The SERVER_PORT variable MUST be set to the TCP/IP port number on

which this request is received from the client. This value is used

in the port part of the Script-URI.

SERVER_PORT = server-port
  server-port = 1*digit
           

Note that this variable MUST be set, even if the port is the default

port for the scheme and could otherwise be omitted from a URI.

4.1.16. SERVER_PROTOCOL

The SERVER_PROTOCOL variable MUST be set to the name and version of

the application protocol used for this CGI request. This MAY differ

from the protocol version used by the server in its communication

with the client.

SERVER_PROTOCOL   = HTTP-Version | "INCLUDED" | extension-version
  HTTP-Version      = "HTTP" "/" 1*digit "." 1*digit
  extension-version = protocol [ "/" 1*digit "." 1*digit ]
  protocol          = token
           

Here, ‘protocol’ defines the syntax of some of the information

passing between the server and the script (the ‘protocol-specific’

features). It is not case sensitive and is usually presented in

upper case. The protocol is not the same as the scheme part of the

script URI, which defines the overall access mechanism used by the

client to communicate with the server. For example, a request that

reaches the script with a protocol of “HTTP” may have used an “https”

scheme.

A well-known value for SERVER_PROTOCOL which the server MAY use is

“INCLUDED”, which signals that the current document is being included

as part of a composite document, rather than being the direct target

of the client request. The script should treat this as an HTTP/1.0

request.

4.1.17. SERVER_SOFTWARE

The SERVER_SOFTWARE meta-variable MUST be set to the name and version

of the information server software making the CGI request (and

running the gateway). It SHOULD be the same as the server

description reported to the client, if any.
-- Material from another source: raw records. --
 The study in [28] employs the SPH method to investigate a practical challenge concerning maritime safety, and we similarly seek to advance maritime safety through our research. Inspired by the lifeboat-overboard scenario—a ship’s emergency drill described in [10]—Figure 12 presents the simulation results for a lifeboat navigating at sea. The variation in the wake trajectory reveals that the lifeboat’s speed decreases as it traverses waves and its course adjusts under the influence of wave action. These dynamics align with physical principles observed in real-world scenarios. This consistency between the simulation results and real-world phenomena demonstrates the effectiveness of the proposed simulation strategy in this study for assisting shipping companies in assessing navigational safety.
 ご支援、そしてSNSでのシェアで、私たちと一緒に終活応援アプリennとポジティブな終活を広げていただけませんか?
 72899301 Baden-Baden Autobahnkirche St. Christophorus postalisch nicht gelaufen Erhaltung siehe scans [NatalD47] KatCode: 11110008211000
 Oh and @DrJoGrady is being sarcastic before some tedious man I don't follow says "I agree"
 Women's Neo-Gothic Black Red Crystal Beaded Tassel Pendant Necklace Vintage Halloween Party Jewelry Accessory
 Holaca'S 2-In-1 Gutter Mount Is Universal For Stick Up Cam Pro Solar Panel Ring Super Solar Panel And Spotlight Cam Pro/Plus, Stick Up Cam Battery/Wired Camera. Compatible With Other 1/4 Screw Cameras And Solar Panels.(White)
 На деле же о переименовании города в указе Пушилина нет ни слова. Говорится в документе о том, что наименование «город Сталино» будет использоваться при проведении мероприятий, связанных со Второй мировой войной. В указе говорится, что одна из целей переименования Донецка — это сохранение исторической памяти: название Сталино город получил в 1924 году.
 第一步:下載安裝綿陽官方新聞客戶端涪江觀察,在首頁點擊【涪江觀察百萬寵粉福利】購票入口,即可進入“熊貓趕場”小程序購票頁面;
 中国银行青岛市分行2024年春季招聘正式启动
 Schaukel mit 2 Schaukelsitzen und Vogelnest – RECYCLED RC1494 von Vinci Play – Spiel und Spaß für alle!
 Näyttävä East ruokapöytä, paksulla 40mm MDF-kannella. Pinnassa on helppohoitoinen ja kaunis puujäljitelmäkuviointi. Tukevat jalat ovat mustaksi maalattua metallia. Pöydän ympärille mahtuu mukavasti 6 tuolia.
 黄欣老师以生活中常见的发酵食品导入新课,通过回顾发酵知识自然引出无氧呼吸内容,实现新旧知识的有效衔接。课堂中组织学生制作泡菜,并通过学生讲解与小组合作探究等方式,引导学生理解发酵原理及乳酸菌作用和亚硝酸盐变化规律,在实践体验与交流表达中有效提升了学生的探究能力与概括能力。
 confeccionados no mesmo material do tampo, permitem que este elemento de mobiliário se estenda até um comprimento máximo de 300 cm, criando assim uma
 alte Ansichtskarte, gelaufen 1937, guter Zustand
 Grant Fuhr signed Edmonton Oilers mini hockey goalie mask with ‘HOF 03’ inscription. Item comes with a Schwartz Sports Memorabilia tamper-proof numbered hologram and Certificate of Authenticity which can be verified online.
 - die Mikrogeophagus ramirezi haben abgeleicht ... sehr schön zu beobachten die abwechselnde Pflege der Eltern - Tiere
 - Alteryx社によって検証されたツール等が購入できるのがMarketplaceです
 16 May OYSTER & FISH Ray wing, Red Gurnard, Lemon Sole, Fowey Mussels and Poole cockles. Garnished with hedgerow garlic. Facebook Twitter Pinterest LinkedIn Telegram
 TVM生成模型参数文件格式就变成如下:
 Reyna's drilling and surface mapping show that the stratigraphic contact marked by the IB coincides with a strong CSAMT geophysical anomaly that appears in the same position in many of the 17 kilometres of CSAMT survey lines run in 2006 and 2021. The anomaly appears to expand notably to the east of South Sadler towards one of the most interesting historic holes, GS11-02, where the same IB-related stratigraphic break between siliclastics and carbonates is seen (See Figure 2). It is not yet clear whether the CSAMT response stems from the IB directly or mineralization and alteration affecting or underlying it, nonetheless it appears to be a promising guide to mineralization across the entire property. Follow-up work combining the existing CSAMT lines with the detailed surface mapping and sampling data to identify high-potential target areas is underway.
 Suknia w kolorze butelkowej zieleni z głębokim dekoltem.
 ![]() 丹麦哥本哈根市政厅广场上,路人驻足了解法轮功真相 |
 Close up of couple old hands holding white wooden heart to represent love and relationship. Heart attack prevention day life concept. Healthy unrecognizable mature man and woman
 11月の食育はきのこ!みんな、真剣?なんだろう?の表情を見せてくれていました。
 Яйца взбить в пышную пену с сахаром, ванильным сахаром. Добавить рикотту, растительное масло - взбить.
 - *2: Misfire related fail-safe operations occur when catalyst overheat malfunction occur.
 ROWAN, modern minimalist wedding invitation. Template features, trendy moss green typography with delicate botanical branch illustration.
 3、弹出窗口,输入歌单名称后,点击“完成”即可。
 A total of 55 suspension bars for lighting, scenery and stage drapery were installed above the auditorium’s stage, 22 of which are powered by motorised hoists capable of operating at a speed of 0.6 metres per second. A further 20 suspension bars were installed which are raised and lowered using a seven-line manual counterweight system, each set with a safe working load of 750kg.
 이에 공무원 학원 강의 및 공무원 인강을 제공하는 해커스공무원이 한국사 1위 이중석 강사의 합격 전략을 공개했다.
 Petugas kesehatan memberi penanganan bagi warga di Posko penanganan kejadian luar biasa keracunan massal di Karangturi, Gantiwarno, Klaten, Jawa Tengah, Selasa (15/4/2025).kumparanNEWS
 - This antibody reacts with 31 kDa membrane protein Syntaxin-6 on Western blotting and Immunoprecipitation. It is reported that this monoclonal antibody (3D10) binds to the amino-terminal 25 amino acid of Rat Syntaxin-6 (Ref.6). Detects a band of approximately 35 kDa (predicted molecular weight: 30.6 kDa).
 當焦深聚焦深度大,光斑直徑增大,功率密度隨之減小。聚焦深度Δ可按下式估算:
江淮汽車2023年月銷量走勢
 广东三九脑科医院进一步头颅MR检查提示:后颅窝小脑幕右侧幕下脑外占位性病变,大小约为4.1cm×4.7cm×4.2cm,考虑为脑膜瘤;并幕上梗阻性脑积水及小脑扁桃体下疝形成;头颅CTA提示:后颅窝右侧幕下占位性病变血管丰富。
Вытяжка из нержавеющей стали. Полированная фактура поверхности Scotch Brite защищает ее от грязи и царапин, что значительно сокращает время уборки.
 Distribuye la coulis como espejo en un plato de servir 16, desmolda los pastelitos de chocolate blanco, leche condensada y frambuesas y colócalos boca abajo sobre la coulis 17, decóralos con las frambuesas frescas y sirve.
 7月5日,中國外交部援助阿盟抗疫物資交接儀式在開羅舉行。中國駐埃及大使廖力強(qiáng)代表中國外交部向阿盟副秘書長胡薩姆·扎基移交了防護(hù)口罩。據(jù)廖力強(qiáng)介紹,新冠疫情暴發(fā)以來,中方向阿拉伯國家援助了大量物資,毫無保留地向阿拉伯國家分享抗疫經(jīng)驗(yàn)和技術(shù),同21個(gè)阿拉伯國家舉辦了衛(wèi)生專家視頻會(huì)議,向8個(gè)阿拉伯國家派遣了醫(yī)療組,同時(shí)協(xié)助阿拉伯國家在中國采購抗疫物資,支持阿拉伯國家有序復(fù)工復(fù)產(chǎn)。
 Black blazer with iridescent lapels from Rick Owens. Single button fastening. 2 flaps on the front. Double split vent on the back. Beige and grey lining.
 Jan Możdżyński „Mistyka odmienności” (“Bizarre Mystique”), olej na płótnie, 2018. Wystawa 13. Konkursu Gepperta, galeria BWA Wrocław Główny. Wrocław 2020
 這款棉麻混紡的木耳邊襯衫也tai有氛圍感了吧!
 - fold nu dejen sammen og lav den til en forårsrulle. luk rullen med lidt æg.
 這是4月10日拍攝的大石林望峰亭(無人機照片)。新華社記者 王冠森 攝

SERVER_SOFTWARE = 1*( product | comment )
  product         = token [ "/" product-version ]
  product-version = token
  comment         = "(" *( ctext | comment ) ")"
  ctext           = <any TEXT excluding "(" and ")">
           

4.1.18. Protocol-Specific Meta-Variables

The server SHOULD set meta-variables specific to the protocol and

scheme for the request. Interpretation of protocol-specific

variables depends on the protocol version in SERVER_PROTOCOL. The

server MAY set a meta-variable with the name of the scheme to a

non-NULL value if the scheme is not the same as the protocol. The

presence of such a variable indicates to a script which scheme is

used by the request.

Meta-variables with names beginning with “HTTP_” contain values read

from the client request header fields, if the protocol used is HTTP.

The HTTP header field name is converted to upper case, has all

occurrences of “-” replaced with “" and has "HTTP” prepended to

give the meta-variable name. The header data can be presented as

sent by the client, or can be rewritten in ways which do not change

its semantics. If multiple header fields with the same field-name

are received then the server MUST rewrite them as a single value

having the same semantics. Similarly, a header field that spans

multiple lines MUST be merged onto a single line. The server MUST,

if necessary, change the representation of the data (for example, the

character set) to be appropriate for a CGI meta-variable.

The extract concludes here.